**Exercise data**
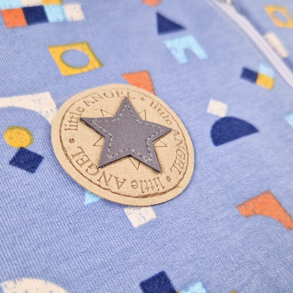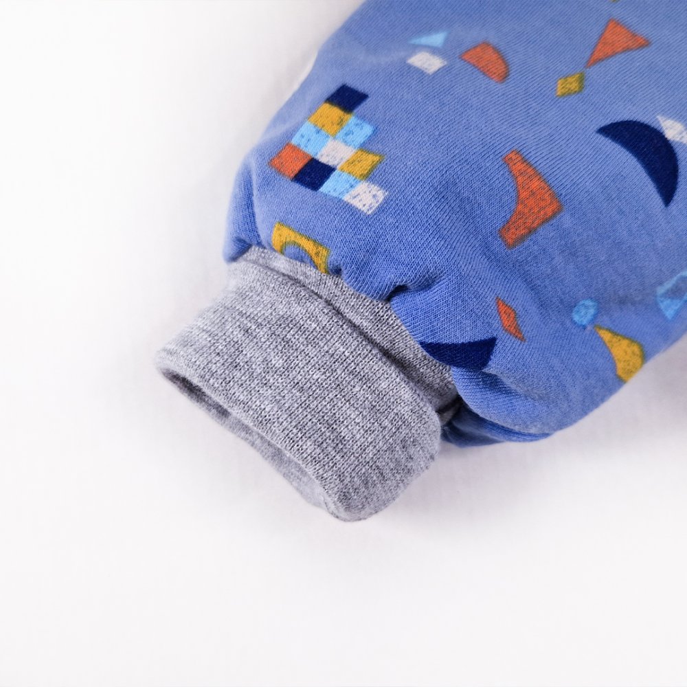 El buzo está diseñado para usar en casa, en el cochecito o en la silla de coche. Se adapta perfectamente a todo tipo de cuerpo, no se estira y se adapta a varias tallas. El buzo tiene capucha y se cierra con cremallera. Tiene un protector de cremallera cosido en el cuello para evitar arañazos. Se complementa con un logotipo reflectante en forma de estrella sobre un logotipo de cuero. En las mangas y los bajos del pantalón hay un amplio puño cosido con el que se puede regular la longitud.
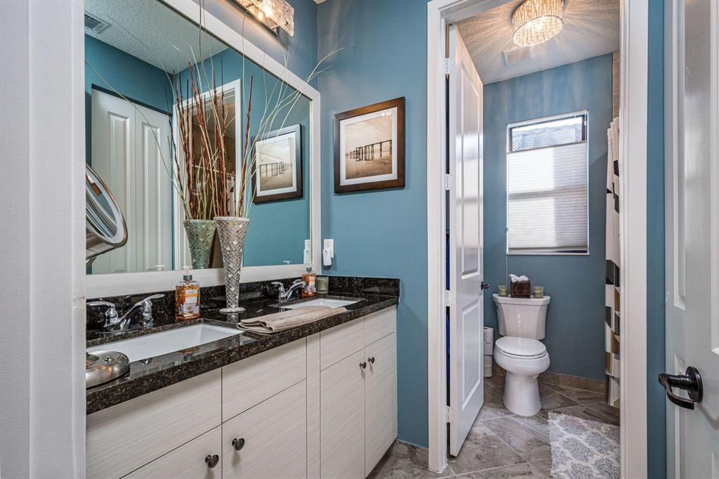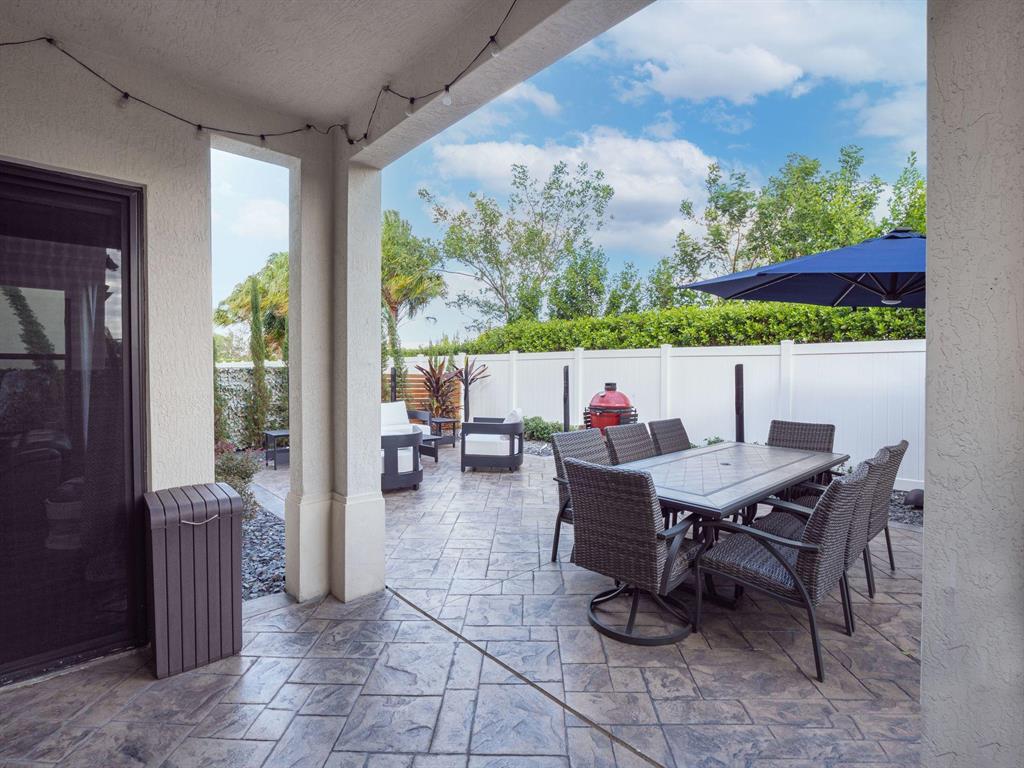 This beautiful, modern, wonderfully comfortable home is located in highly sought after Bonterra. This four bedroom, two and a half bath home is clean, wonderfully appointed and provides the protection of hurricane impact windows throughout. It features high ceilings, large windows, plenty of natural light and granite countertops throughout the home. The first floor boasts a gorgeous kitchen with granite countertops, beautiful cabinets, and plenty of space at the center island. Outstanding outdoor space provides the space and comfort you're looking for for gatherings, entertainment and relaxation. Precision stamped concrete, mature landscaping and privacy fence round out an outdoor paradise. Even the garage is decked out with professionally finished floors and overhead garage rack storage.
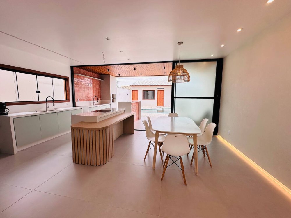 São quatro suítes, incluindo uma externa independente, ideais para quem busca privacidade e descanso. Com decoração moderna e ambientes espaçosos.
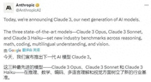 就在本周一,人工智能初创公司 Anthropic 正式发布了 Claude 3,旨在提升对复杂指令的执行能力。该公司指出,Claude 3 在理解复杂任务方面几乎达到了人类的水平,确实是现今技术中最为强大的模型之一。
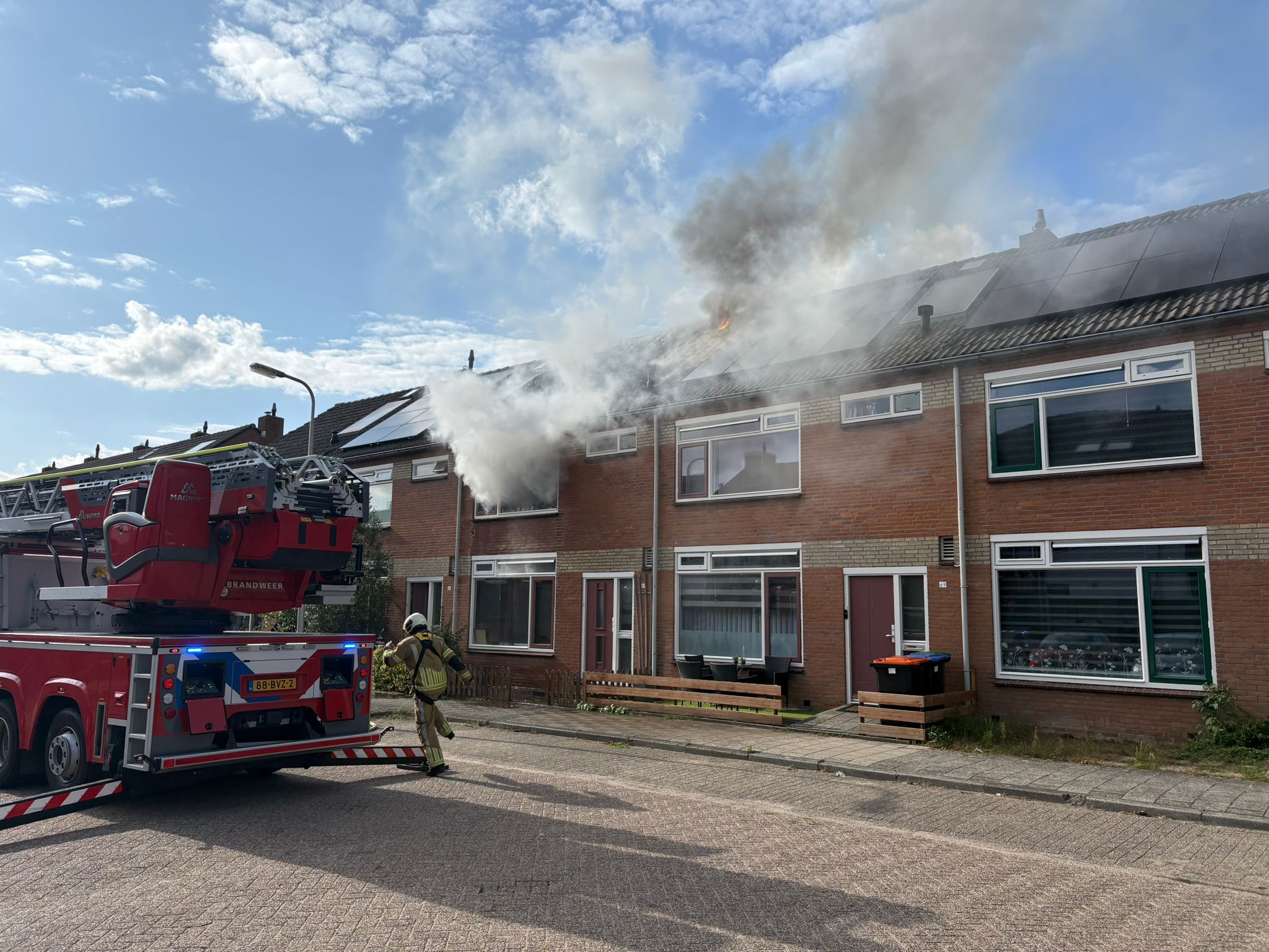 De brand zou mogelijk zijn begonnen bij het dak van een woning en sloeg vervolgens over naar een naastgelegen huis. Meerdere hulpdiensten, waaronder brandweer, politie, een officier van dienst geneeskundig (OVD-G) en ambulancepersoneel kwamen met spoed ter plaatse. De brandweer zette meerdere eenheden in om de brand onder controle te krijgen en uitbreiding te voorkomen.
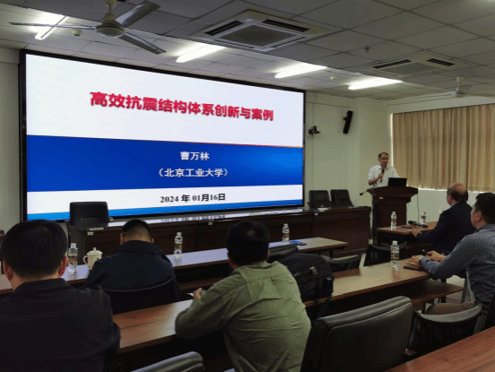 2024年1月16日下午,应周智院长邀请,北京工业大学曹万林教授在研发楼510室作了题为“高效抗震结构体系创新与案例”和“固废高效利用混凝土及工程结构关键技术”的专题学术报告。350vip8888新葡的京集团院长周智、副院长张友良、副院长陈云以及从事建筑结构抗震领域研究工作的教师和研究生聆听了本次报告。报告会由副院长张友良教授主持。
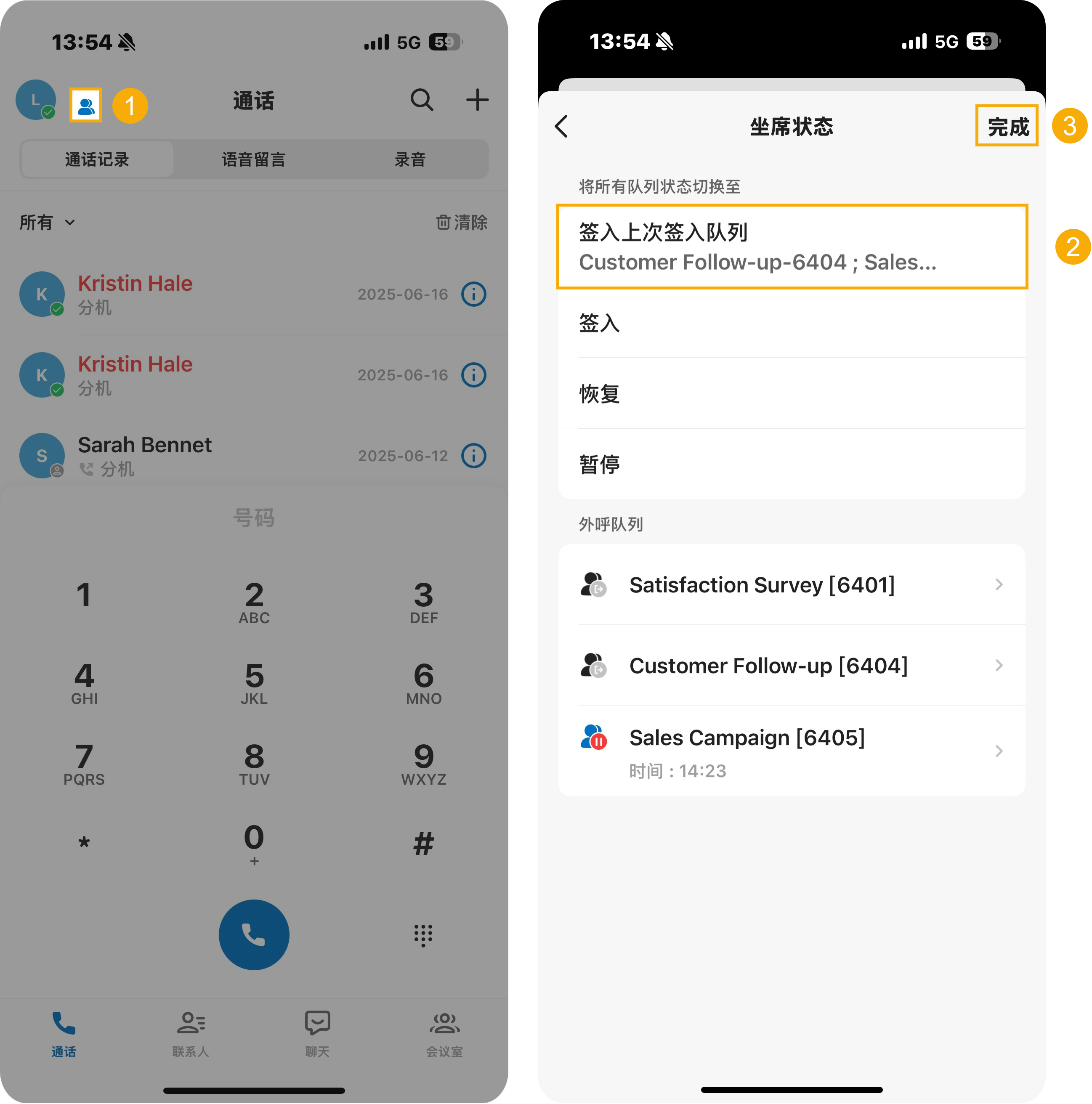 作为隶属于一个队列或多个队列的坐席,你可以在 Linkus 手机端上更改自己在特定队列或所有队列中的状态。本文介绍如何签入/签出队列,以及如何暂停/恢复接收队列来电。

**Work request**
Retype everything in the entries above exactly. The pictures are to be omitted.

**Your response**
 El buzo está diseñado para usar en casa, en el cochecito o en la silla de coche. Se adapta perfectamente a todo tipo de cuerpo, no se estira y se adapta a varias tallas. El buzo tiene capucha y se cierra con cremallera. Tiene un protector de cremallera cosido en el cuello para evitar arañazos. Se complementa con un logotipo reflectante en forma de estrella sobre un logotipo de cuero. En las mangas y los bajos del pantalón hay un amplio puño cosido con el que se puede regular la longitud.
 This beautiful, modern, wonderfully comfortable home is located in highly sought after Bonterra. This four bedroom, two and a half bath home is clean, wonderfully appointed and provides the protection of hurricane impact windows throughout. It features high ceilings, large windows, plenty of natural light and granite countertops throughout the home. The first floor boasts a gorgeous kitchen with granite countertops, beautiful cabinets, and plenty of space at the center island. Outstanding outdoor space provides the space and comfort you're looking for for gatherings, entertainment and relaxation. Precision stamped concrete, mature landscaping and privacy fence round out an outdoor paradise. Even the garage is decked out with professionally finished floors and overhead garage rack storage.
 São quatro suítes, incluindo uma externa independente, ideais para quem busca privacidade e descanso. Com decoração moderna e ambientes espaçosos.
 就在本周一,人工智能初创公司 Anthropic 正式发布了 Claude 3,旨在提升对复杂指令的执行能力。该公司指出,Claude 3 在理解复杂任务方面几乎达到了人类的水平,确实是现今技术中最为强大的模型之一。
 De brand zou mogelijk zijn begonnen bij het dak van een woning en sloeg vervolgens over naar een naastgelegen huis. Meerdere hulpdiensten, waaronder brandweer, politie, een officier van dienst geneeskundig (OVD-G) en ambulancepersoneel kwamen met spoed ter plaatse. De brandweer zette meerdere eenheden in om de brand onder controle te krijgen en uitbreiding te voorkomen.
 2024年1月16日下午,应周智院长邀请,北京工业大学曹万林教授在研发楼510室作了题为“高效抗震结构体系创新与案例”和“固废高效利用混凝土及工程结构关键技术”的专题学术报告。350vip8888新葡的京集团院长周智、副院长张友良、副院长陈云以及从事建筑结构抗震领域研究工作的教师和研究生聆听了本次报告。报告会由副院长张友良教授主持。
 作为隶属于一个队列或多个队列的坐席,你可以在 Linkus 手机端上更改自己在特定队列或所有队列中的状态。本文介绍如何签入/签出队列,以及如何暂停/恢复接收队列来电。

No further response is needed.